Another well-studied pathogen is the simian virus, SV40. In order to infect monkey- and other mammalian cells, SV40 transfers DNA and the T-antigen into its host. In addition, virion particles and viral structural proteins of SV40 can be located in the host nucleus. It is assumed that these viral structural proteins facilitate virion import into the nucleus and viral gene expression (Clever et al. 1993; Yamada and Kasamatsu 1993).
During the infection process, SV40 binds to certain molecules on the cell surface and enters cells via a unique endocytic pathway. SV40 is then delivered to the endoplasmic reticulum (reviewed by (Norkin 1999). Subsequently, SV40 traverses towards the nucleus. Using the cell's own nuclear import machinery, the viral genome enter the nucleus through the nuclear pore complex (NPC) (Yamada and Kasamatsu 1993; Dean 1997; Kasamatsu and Nakanishi 1998). In this context, it has been shown that in order to accumulate in the host cell nucleus, the SV40 large T antigen requires an NLS (Kalderon et al. 1984).

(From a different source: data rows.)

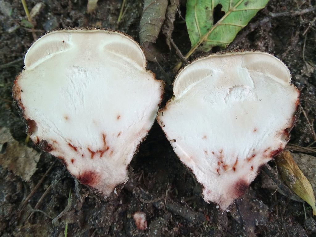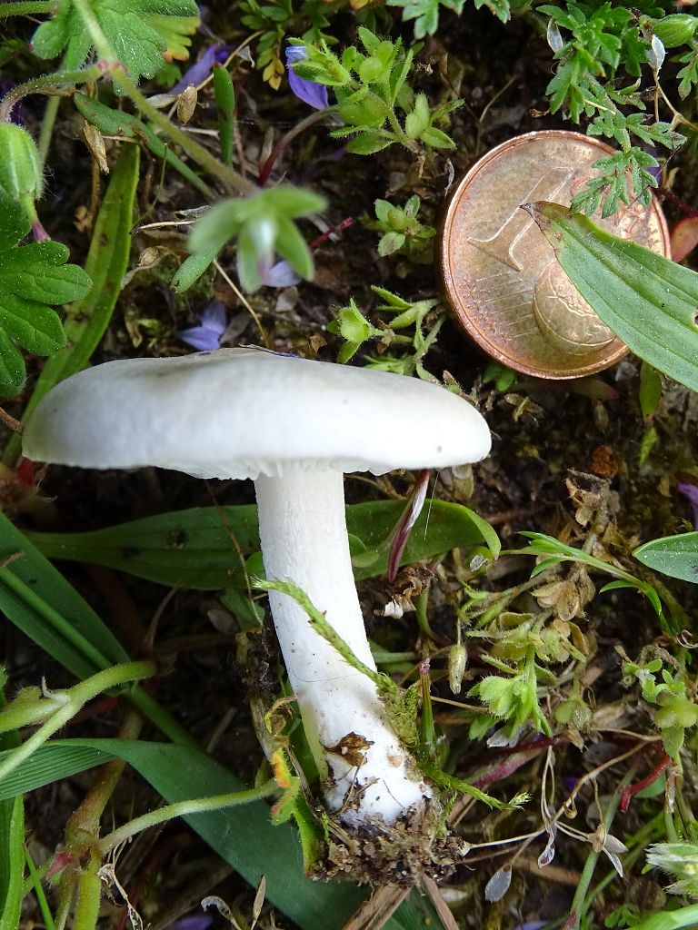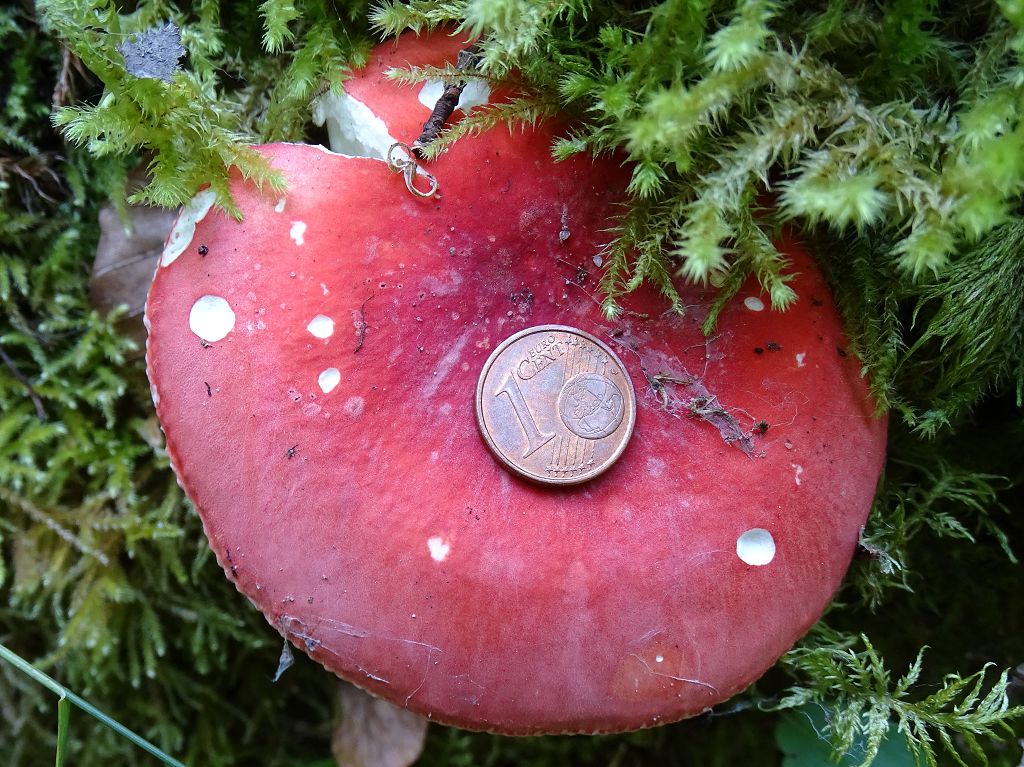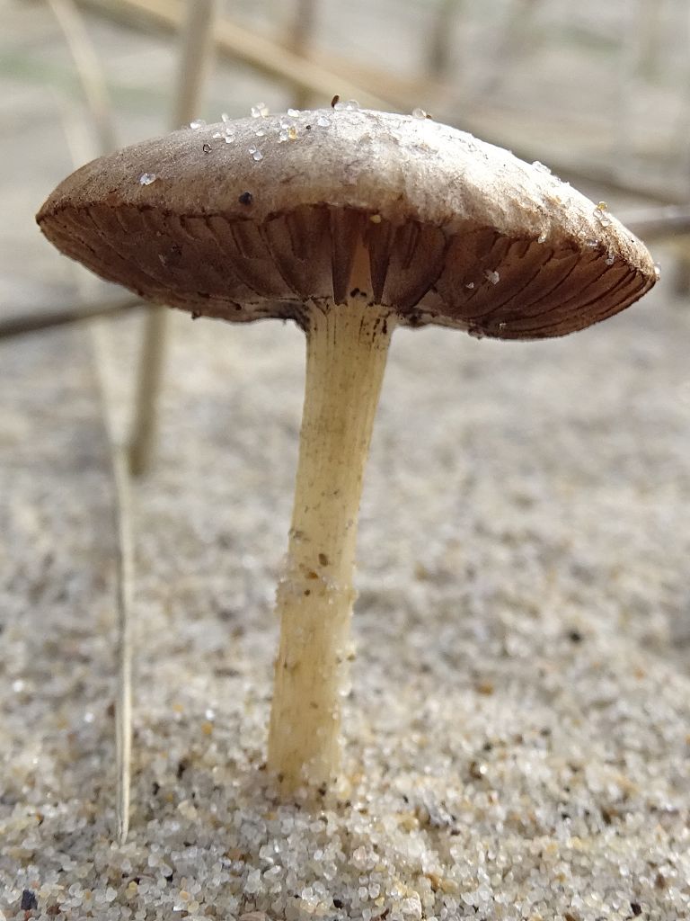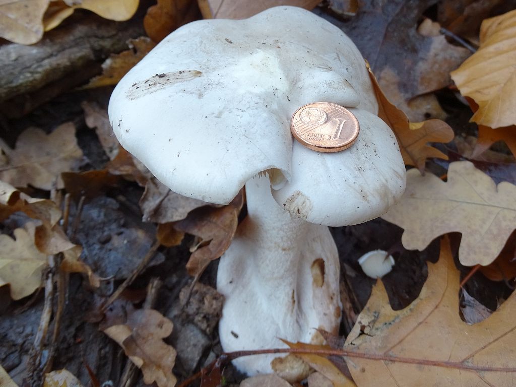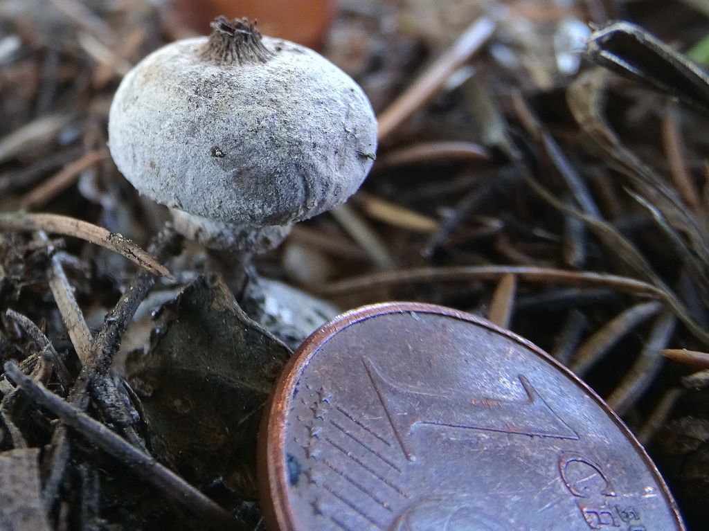 Hut: beige, glatt, matt, Mitte dunkler, großflächig mit Velumresten bedeckt, Rand leicht gerieft, Huthaut abziehbar.
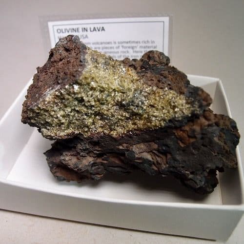 The lava fields of Hawaii contain ‘xenoliths’ which is the word used to describe pieces of ‘foreign’ material found as inclusions in igneous rock. Here the xenoliths consist of a mass of crystals of the iron mineral olivine within basalt lava.
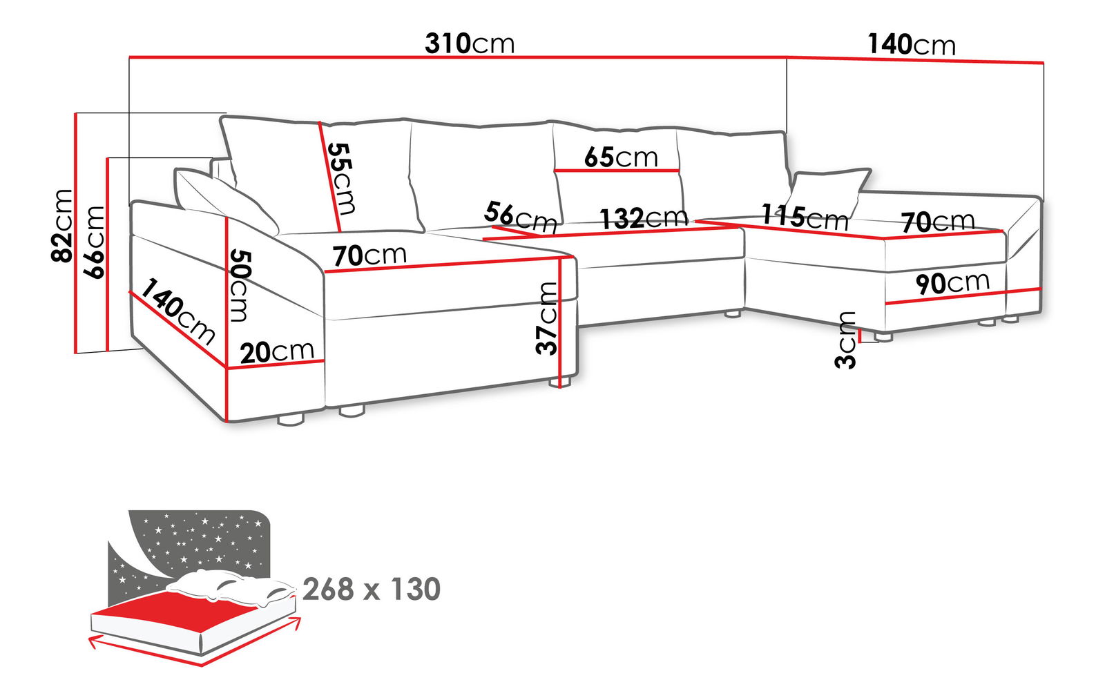 268 x 130 cm
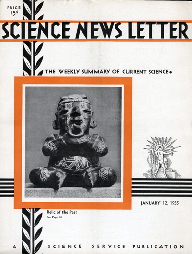 Among the exhibits of Mayan pottery from Guatemala was the little figurine shown on the front cover of this week’s Science News Letter. This figure has the interesting device of a slit in the back of the head letting the light show through the eyes. As you walk past the figure, this spot of light appears to move, thus giving the effect of moving eyes following you.
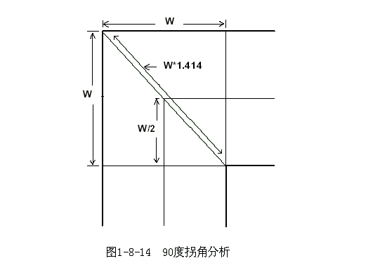 傳輸線的直角帶來的寄生電容可以由下面這個經(jīng)驗公式來計算:
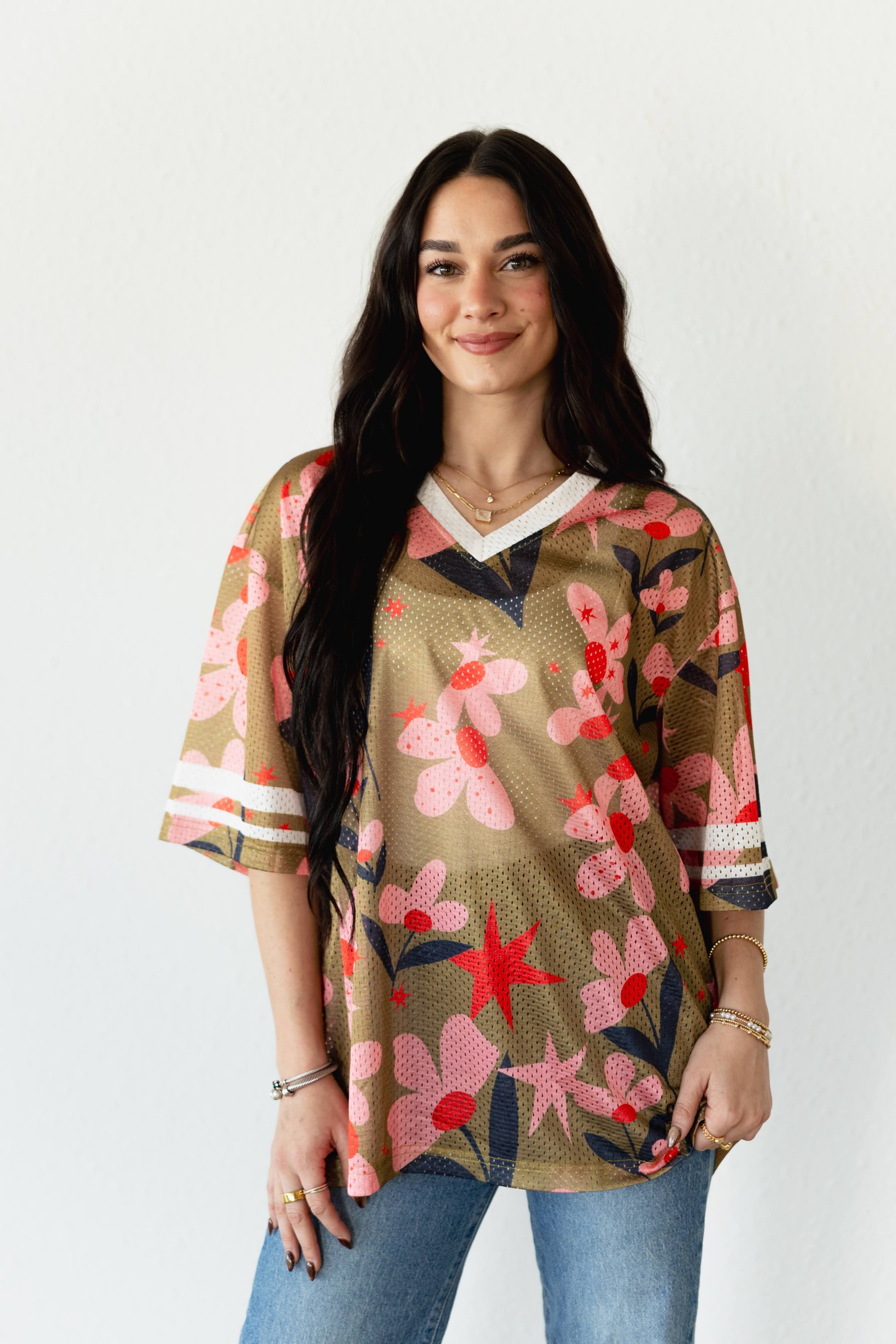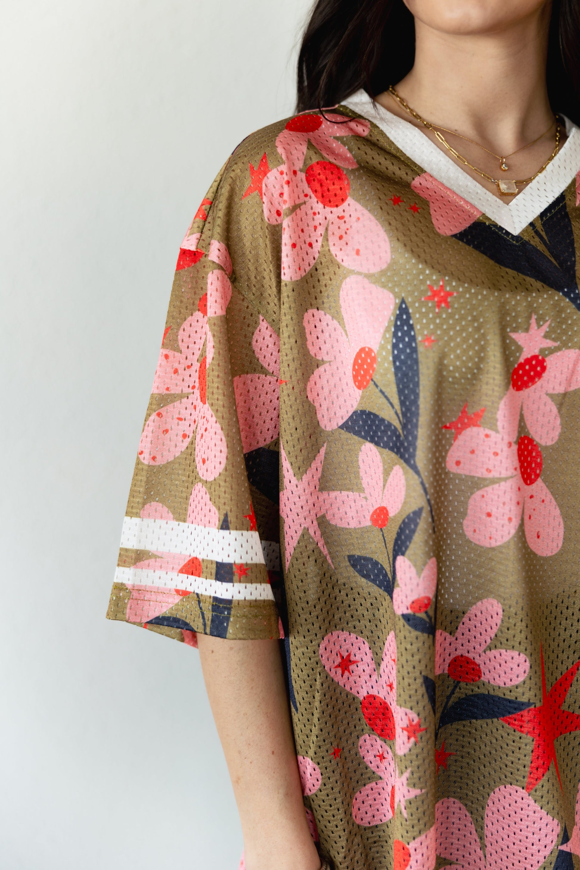 This relaxed-fit mesh jersey top features an all-over floral print in shades of pink, red, and navy on an olive-green base. The breathable perforated fabric provides a lightweight and sporty feel, ideal for layering or wearing solo. Designed with a white V-neckline and matching striped sleeve cuffs, it merges athletic inspiration with a playful botanical pattern. The top has elbow-length sleeves and a straight hem.
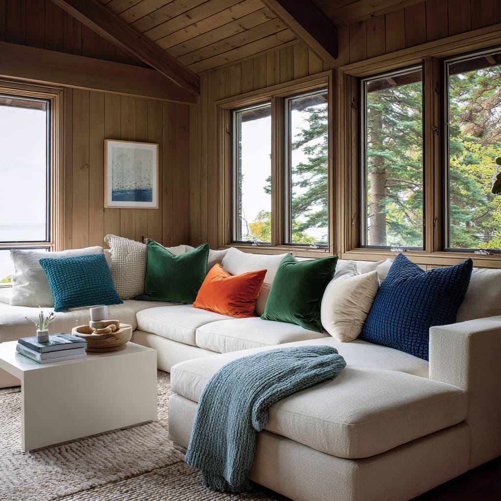 - Echoing in the room: pillow tones repeated in small decor—ceramic, wood, metal—so the sofa belongs to the space
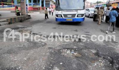 Photo Caption : Bad road conditions at Majestic Bus Stand, causing inconvenience to the buses and passengers, in Bengaluru on Tuesday 19th October 2021

As mentioned previously, in-depth knowledge about alien protein transport into host cell nuclei is limited. Moreover, the function of alien proteins in the plant nucleus can only be speculated upon. This is particularly true when discussing fungal protein export to plant nuclei, although, as will be shown later on in this thesis, fungal pathogen proteins can in fact be found in the host plant nucleus.